Genetic risk factors for ischemic stroke and their possible interactions have not been adequately reported. In this study, for the first time, the rs4918758 genetic variant and sex were evaluated in relation to ischemic stroke risk among TWB participants aged 30 to 70 years. We found that the TT genotype of rs4918758 was linked to decreased risk, whereas the TC/CC genotype was associated with increased risk of ischemic stroke in Taiwanese men relative to women.

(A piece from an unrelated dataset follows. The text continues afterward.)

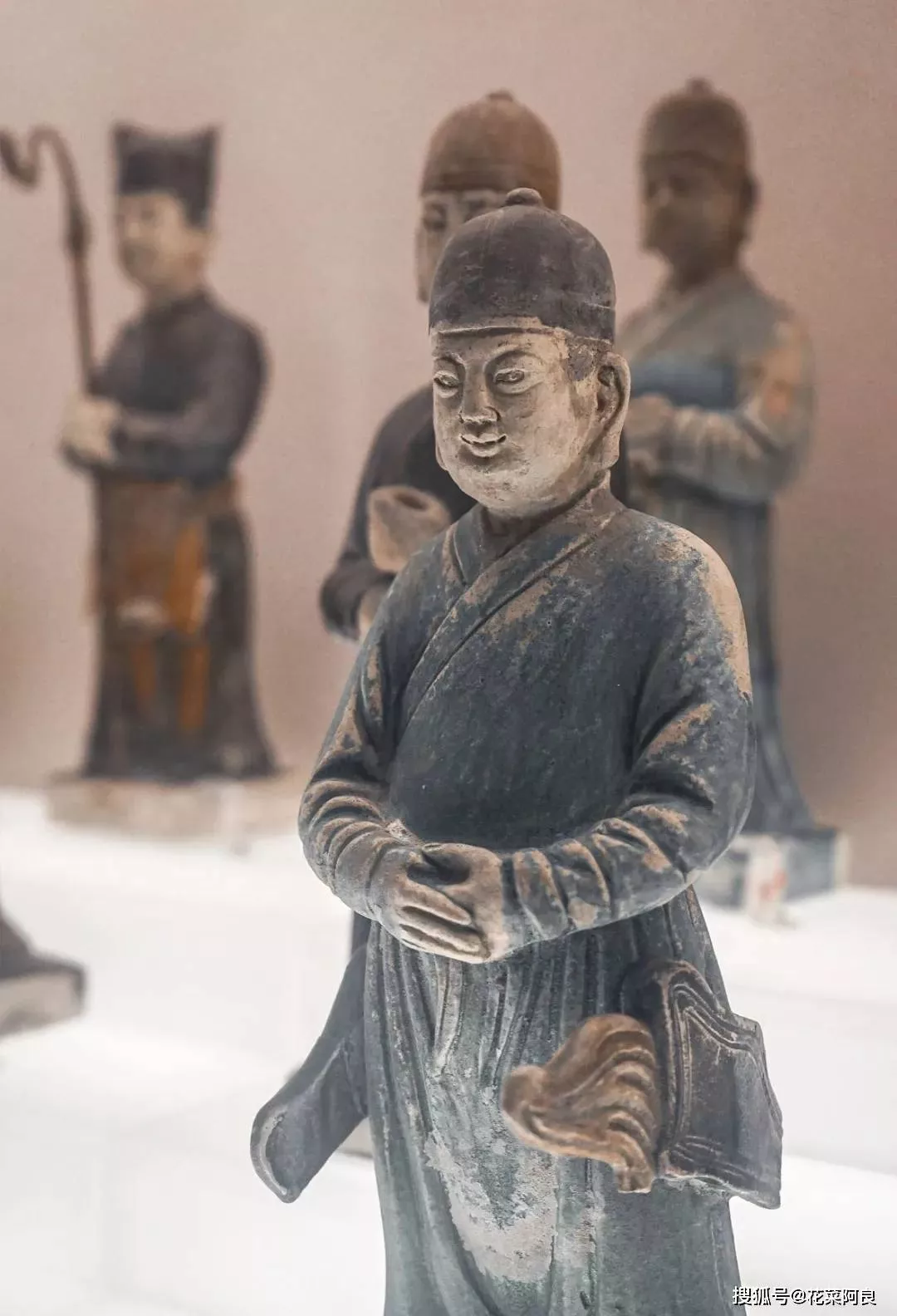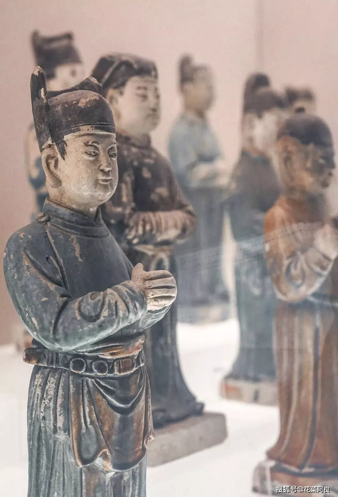 在其墓中總共出土了90多件青釉瓷器,出土了諸多彩俑。這些彩俑個個形象生動,栩栩如生,頗為一觀。
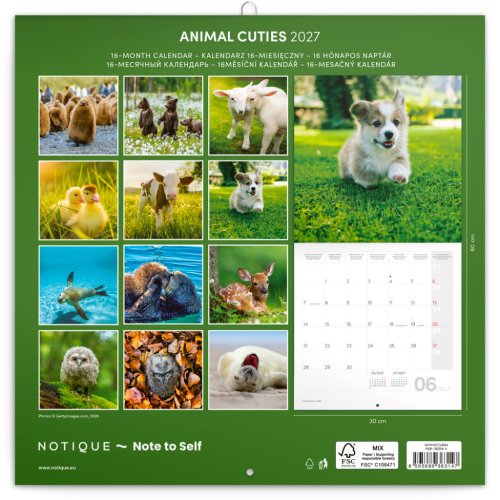 Fotografie roztomilých medvíďat, jehňat nebo tuleňů vám budou dělat radost celý rok. V kalendáři kromě fotek najdete přehledné kalendárium od září 2026 do prosince 2027 v šesti jazycích, měsíční fáze, důležité svátky a prostor pro poznámky na každý den.

This indicates that rs4918758 and sex may play a role in ischemic stroke risk among adults in Taiwan even though the functional mechanism by which this occurs remains to be determined. While a prior study observed male predominance across all age groups,16 we did not observe a significant difference in ischemic stroke risk between men and women in our primary analysis. Additionally, we found no association between rs4918758 and ischemic stroke. Interestingly, the test for interaction was significant for sex and polymorphism rs4918758. This prompted us to perform subgroup analyses (based on sex, rs4918758, and ischemic stroke susceptibility), where we observed the most consistent associations for TT and TC/CC genotypes as reported.

As stated earlier, polymorphism rs4918758 has been reported as a significant marker for heart diseases, especially among Europeans and Russians.7,13,17 However, it is unclear what role it plays in ischemic stroke vulnerability. Additionally, little is known about this genetic variant in Asia, particularly Taiwan. These limitations aside, our findings represent a significant step in identifying the mechanistic basis for ischemic stroke and genotype associations.

As in prior studies,16,18–20 our general model also revealed that atrial fibrillation, diabetes, hyperlipidemia, and hypertension were stronger risk factors for ischemic stroke. Our genotype stratified analysis did not affect these factors, as they remained significantly associated with ischemic stroke risk except for atrial fibrillation and TC/CC genotype combined. Hald et al found that atrial fibrillation is a cause-specific risk factor for ischemic stroke.18 In addition, they observed that women with atrial fibrillation had a higher overall stroke risk than men. In this study, however, we found that men rather than women with atrial fibrillation were more likely to suffer from ischemic strokes. Smoking is a preventable risk factor for stroke.21–23 In this study, we did not find an association between ischemic stroke and smoking. The results of our analysis based on genotypes of rs4918758, however, revealed that smoking individuals with the TT genotype were more likely to suffer an ischemic stroke. In contrast, those with TC/CC appeared to be at lower risk. Older age was a risk factor for ischemic stroke no matter the sex or genotype.

Moreover, we found that ischemic stroke risk was higher among warfarin users even though the ORs were not significant after stratification by sex and genotype. In their study, Tung et al reported higher rates of ischemic stroke in the first 30 days following warfarin initiation.24

Despite these findings, we discuss our study limitations. First, we might have underestimated cases with ischemic stroke considering that TWB did not enroll participants with a severe type of ischemic stroke. Next, rs4918758 has not been specifically linked to ischemic stroke. Historically, this variant has been associated with CHD, which is a potential marker for ischemic stroke. Our findings, however, are preliminary, so functional studies would help to shed more light on them, including the possible mechanisms involved.

Conclusions

In conclusion, our findings indicate that ischemic stroke risk in Taiwanese male and female adults may be explained by rs4918758 of the CYP2C9. Nonetheless, future genome-wide association studies would be required to provide more solid evidence.